- _Task requirements_: Could the lines from the start of the data through the line with "Mesa de Noche" be set down exactly, with no pictures among them?

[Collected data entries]
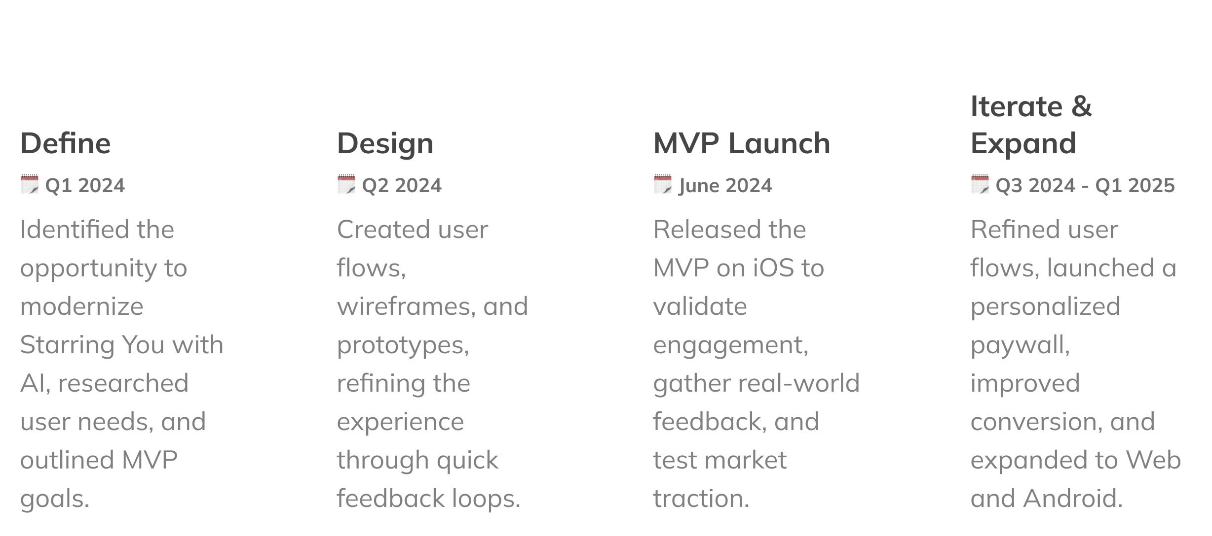 Under a tight deadline, we focused our MVP on iOS — where most of our paying subscribers were. This gave us the best chance to gain traction quickly and validate the concept early.
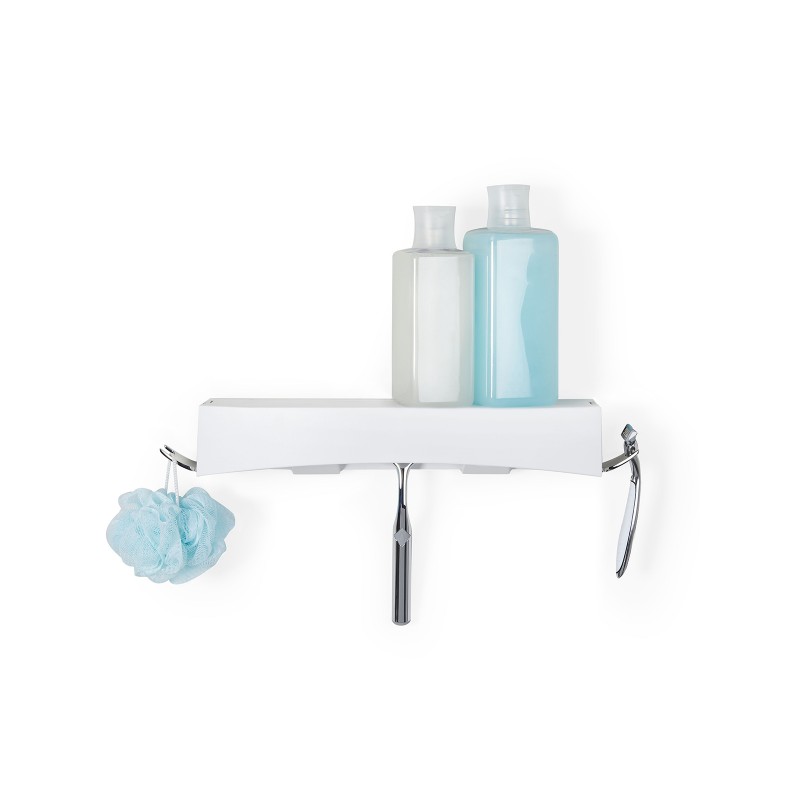 Полка для душа CLEVER Flip Shover Shelf - это чистые линии и красивый дизайн. Полка оснащена двумя съемными крючками, где удобно разместить бритву и другие аксессуары для ванной комнаты. Просто разместите полку рядом с диспенсером CLEVER и Вы победите беспорядок навсегда. Установка полки проста и безопасна при использовании водонепроницаемого силиконового клея и двухсторонней ленты в комплекте. Изготовлена из прочного ABS пластика. Цвет белый/хром.
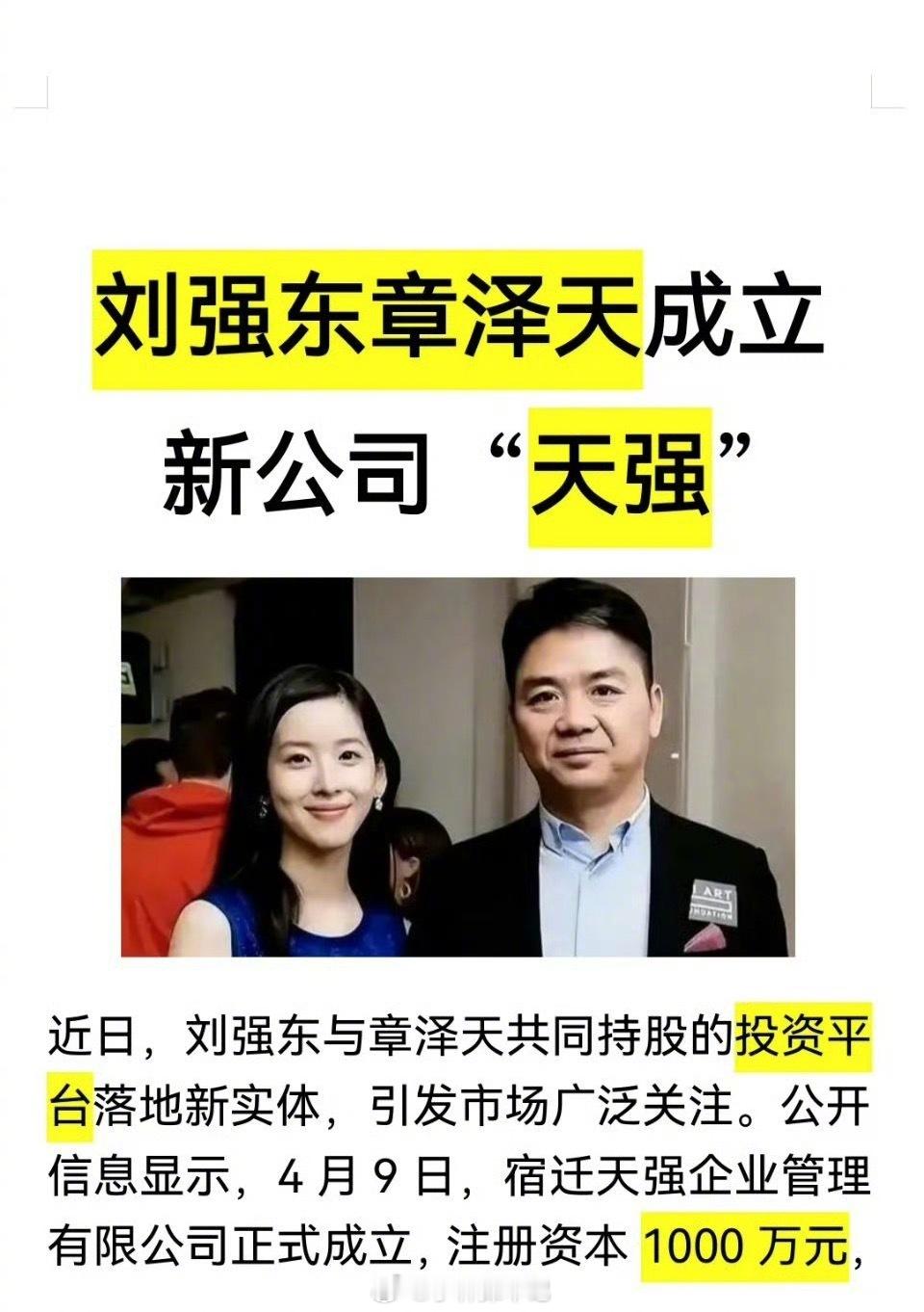 【刘强东和章泽天新公司叫天强】刘强东章泽天新公司取名“天强”,一人一个字,甜是真甜,商业布局也是真稳。
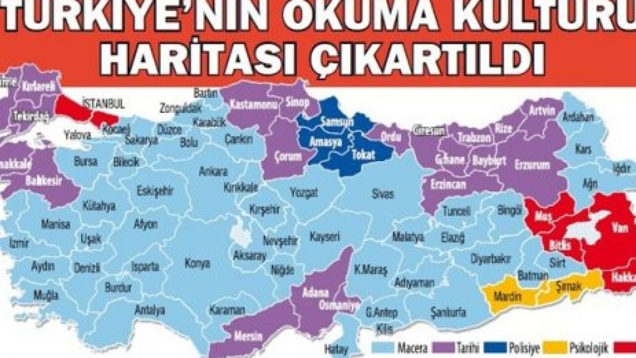 İstanbul, Hakkari, Van, Bitlis ve Muş, ‘aşk’, Samsun, Amasya, Çorum ve Tokat ‘polisiye’, Siirt, Batman, Şırnak ve Mardin, ‘psikoloji’ temalı kitap okurken, Türkiye genelinde ise ‘macera’ tercih ediliyor.
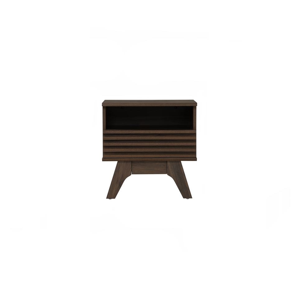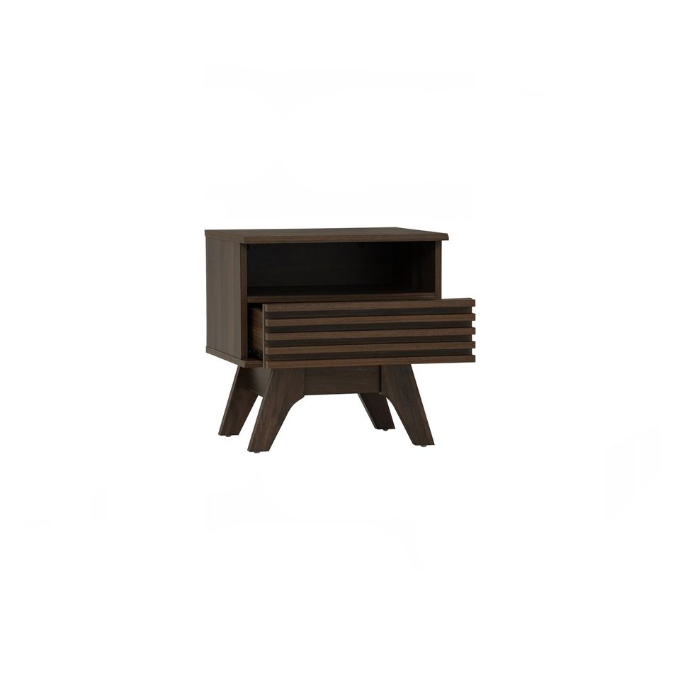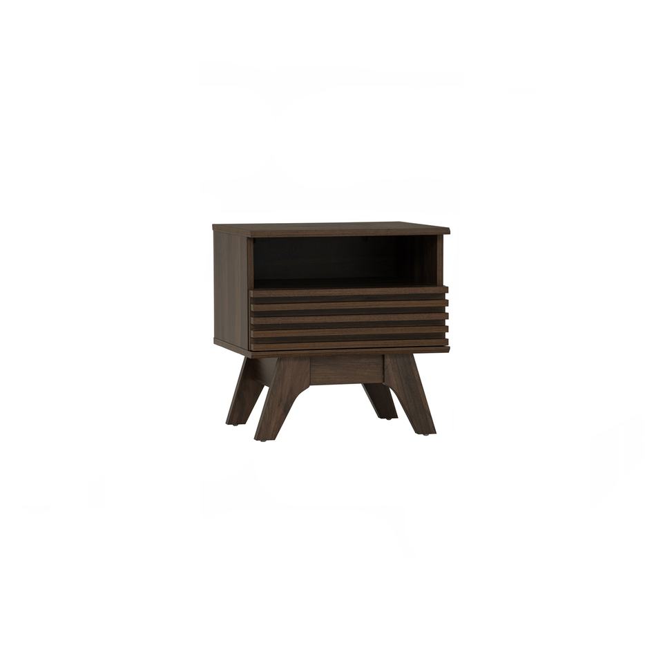Mesa de Noche Moderna FLORO de Madera Laminada Simple Color Nogal, Mesa Auxiliar Minimalista y Duradera para Dormitorio
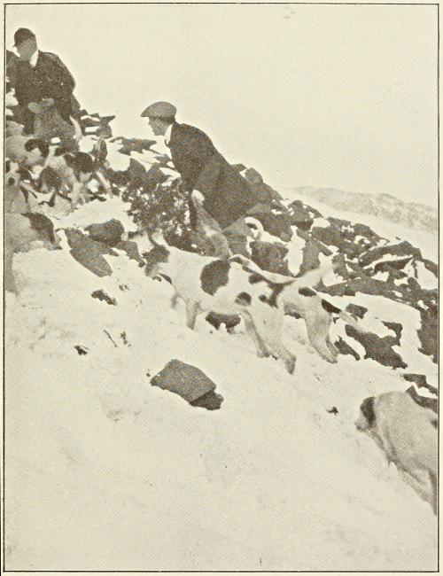 That a promising day may finish in gloom, the following experience will prove. In the last week of October, 1910, the Coniston Hounds found a fox at Pinch Crags, in Scandale. After a short but fast hunt, they rolled him over in the open. The day being still young, hounds were taken to High Pike, where a second fox was soon unkennelled. After a fast hunt this fox took refuge on the face of Dove Crag, dropping from ledge to ledge, with three hounds, Crafty, Rally and Ringwood in pursuit. Eventually the fox, in attempting to cross an impassable ghyll, owing to pressure from the young hound, Crafty, slipped and fell several hundred feet, and met its death on the rocks far below. Unfortunately, the hound shared the same fate, whilst Rally and Ringwood became hopelessly crag-fast on one of the numerous ledges. A rope and willing assistants were brought from the quarry on Red Screes, and eventually the[105] hounds were rescued from their precarious position. It was an exciting adventure, and one which, thank goodness, does not often happen.
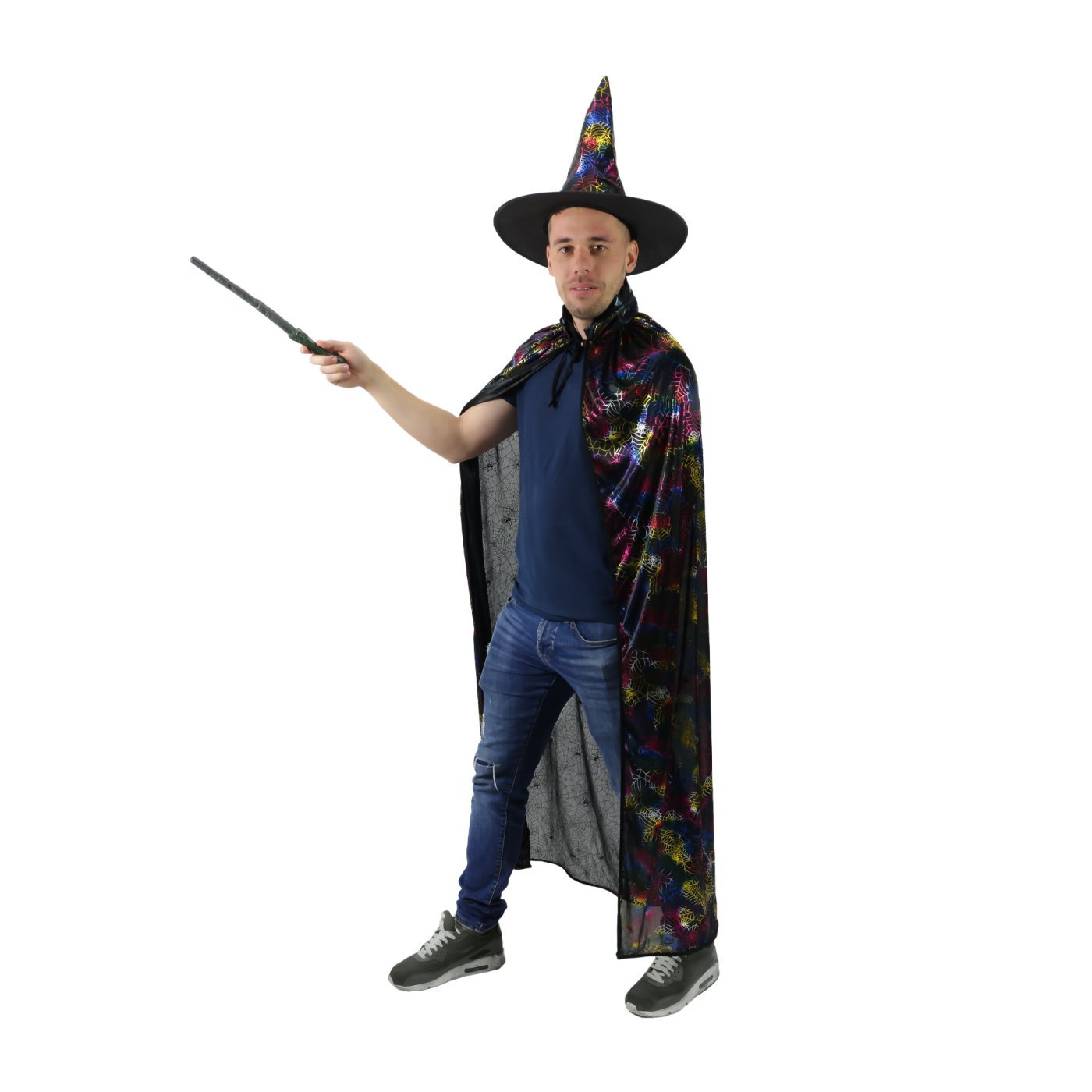 Udaren črn plašč za vse čarovnike in čarovnice! Plašč je namenjen odraslim in je okrašen s potiskom pisanih pajkovih mrež. Kostumu je priložen popolnoma usklajen klobuk. Plašč je dolg približno 140 cm. Idealen za karneval ali zabavo za noč čarovnic. Palica ni vključena.
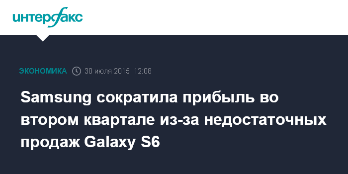 Москва. 30 июля. INTERFAX.RU – Южнокорейская Samsung Electronics, крупнейший мировой производитель смартфонов, сократила чистую прибыль во втором квартале 2015 года на 8%, поскольку продажи флагманского смартфона компании - Galaxy S6 - не оправдали ожиданий.
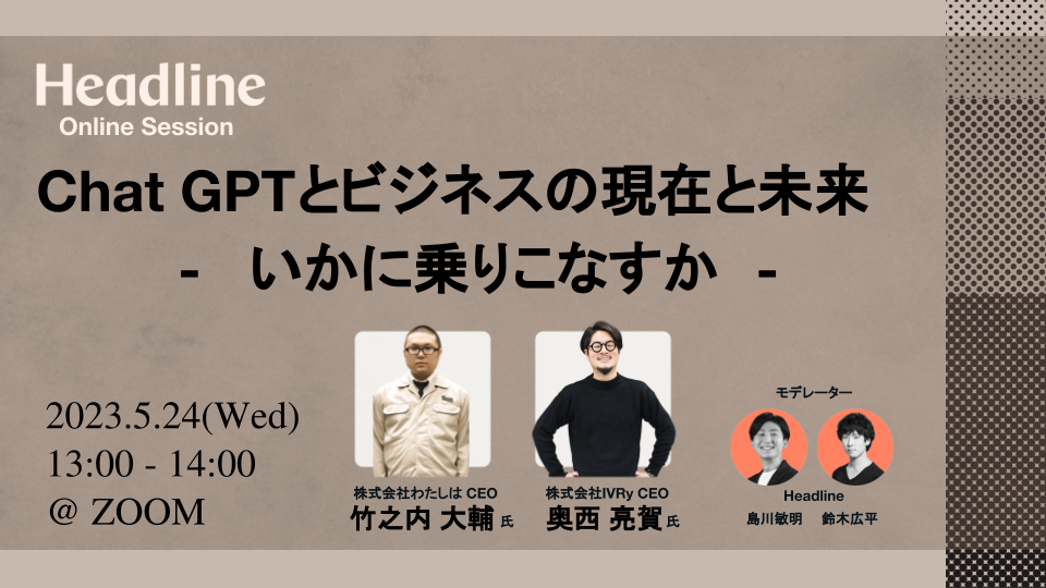電話DXのIVRy代表・奥西がHeadline Asiaと開催する無料オンラインセミナー「ChatGPTとビジネスの現在と未来 -いかにして乗りこなすか- 」に登壇決定!

- _Written answer_:
 Under a tight deadline, we focused our MVP on iOS — where most of our paying subscribers were. This gave us the best chance to gain traction quickly and validate the concept early.
 Полка для душа CLEVER Flip Shover Shelf - это чистые линии и красивый дизайн. Полка оснащена двумя съемными крючками, где удобно разместить бритву и другие аксессуары для ванной комнаты. Просто разместите полку рядом с диспенсером CLEVER и Вы победите беспорядок навсегда. Установка полки проста и безопасна при использовании водонепроницаемого силиконового клея и двухсторонней ленты в комплекте. Изготовлена из прочного ABS пластика. Цвет белый/хром.
 【刘强东和章泽天新公司叫天强】刘强东章泽天新公司取名“天强”,一人一个字,甜是真甜,商业布局也是真稳。
 İstanbul, Hakkari, Van, Bitlis ve Muş, ‘aşk’, Samsun, Amasya, Çorum ve Tokat ‘polisiye’, Siirt, Batman, Şırnak ve Mardin, ‘psikoloji’ temalı kitap okurken, Türkiye genelinde ise ‘macera’ tercih ediliyor.
Mesa de Noche Moderna FLORO de Madera Laminada Simple Color Nogal, Mesa Auxiliar Minimalista y Duradera para Dormitorio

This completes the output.